The purpose of this project is to explore ways UFV faculty can be supported in redesigning their courses and developing the skills needed to embrace next-generation and knowledge practice learning. Both of these approaches are not about strategies specifically design for next generation students, but instead place next-generation learning as the catalysis for incorporating knowledge work and experiential learning for all students, regardless of discipline.

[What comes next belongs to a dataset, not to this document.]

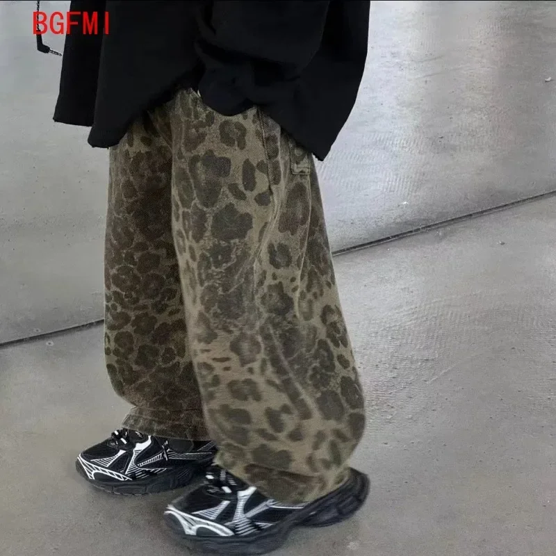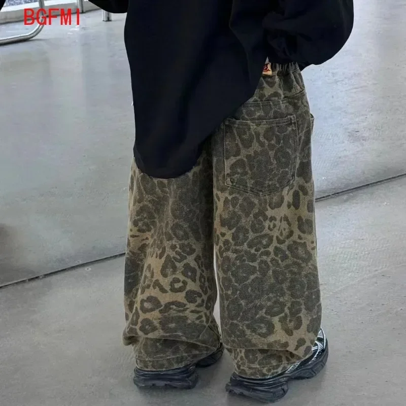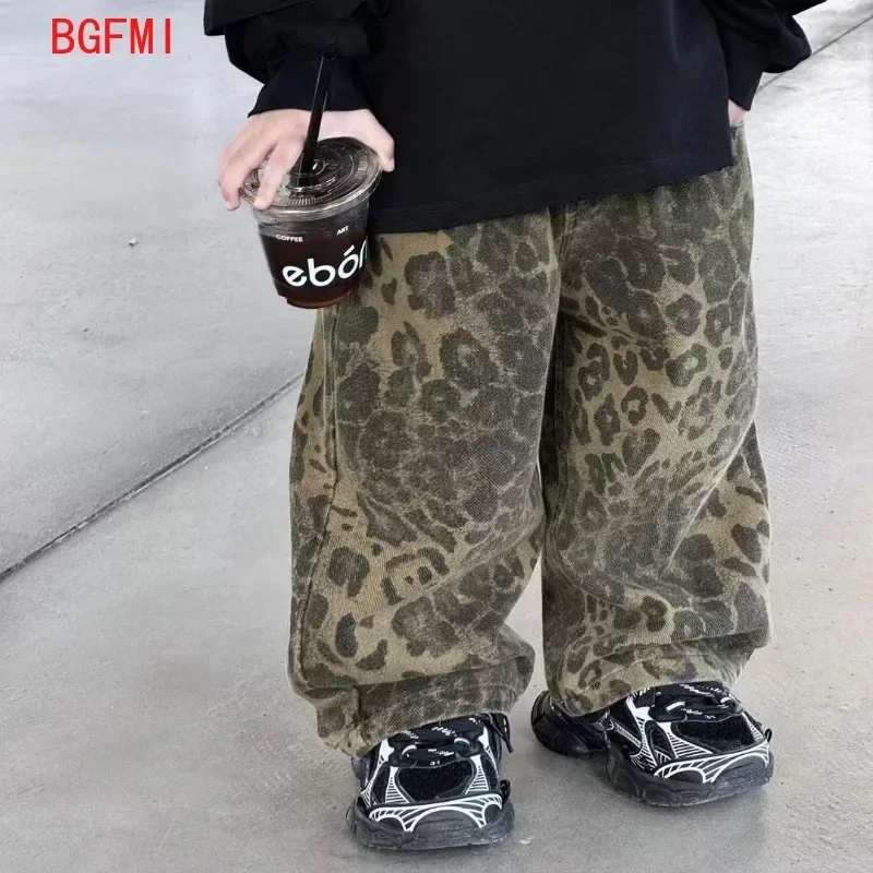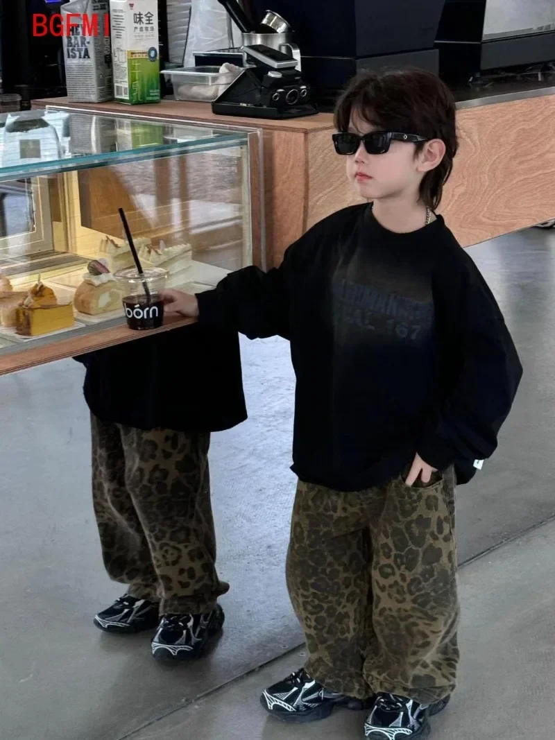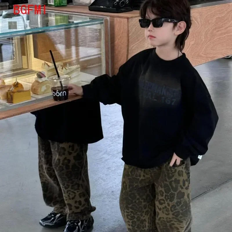 בנים 2025 אביב סתיו חדש קוריאני ילדים שחור אות סווטשירט + ליאופרד וינטאג' ג'ינס מכנסיים מתרחבים סט אופנה לילדים
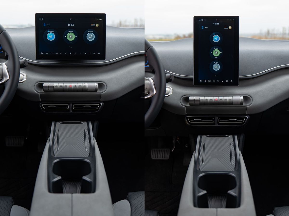 Chcete displej infotainmentu v širokoúhlém, nebo portrétním režimu? Obvykle vám to nadiktuje výrobce, ale tady si můžete vybrat – stačí zmáčknout tlačítko a displej se otočí. Tenhle trik neumí ani Rolls-Royce!

FIT - Executive Summary 2018 - Pardy

Technologically enhanced experiential learning in physics: an action research study using PhET computer simulations

Project leader: Mary Saudelli and Robin Kleiv

Dr. Mary Gene Saudelli (Teaching and Learning) and Dr. Robin Kleiv (Physics) are studying the use of web-based PhET computer simulations (freely available at phet.colorado.edu) in the course Physics 105: Heat, Waves and Optics, which was taught by Dr. Kleiv in the winter 2017 semester. The goals of this research are: to examine the application of the simulations to the design of physics instruction, to explore the integration of simulations before, during and after lectures, to illuminate the impact of simulations in creating an active and engaged learning experience for students, and to improve students’ understanding of physics concepts through experiential, inquiry-based and reflective learning via the use of simulations. An action research methodology is being used, including data gathered from student surveys and instructor reflections. Three senior undergraduate students are contributing to this research and preliminary results were presented at the STLHE17 conference in Halifax in June 2017. Data analysis is nearing completion and one or more scholarly articles will be published with the undergraduate student researchers as co-authors.

FIT - Final Report - Saudelli and Kleiv

Smart phone teaching tools for Statistics and Mathematics

Project leader: Shaun Zheng Sun

This project is to develop smart phone and computer applets that can (1) perform simulations to demonstrate some basic concepts in Statistics and Mathematics; (2) collect real time data from students; (3) conduct simple statistical tests and analysis.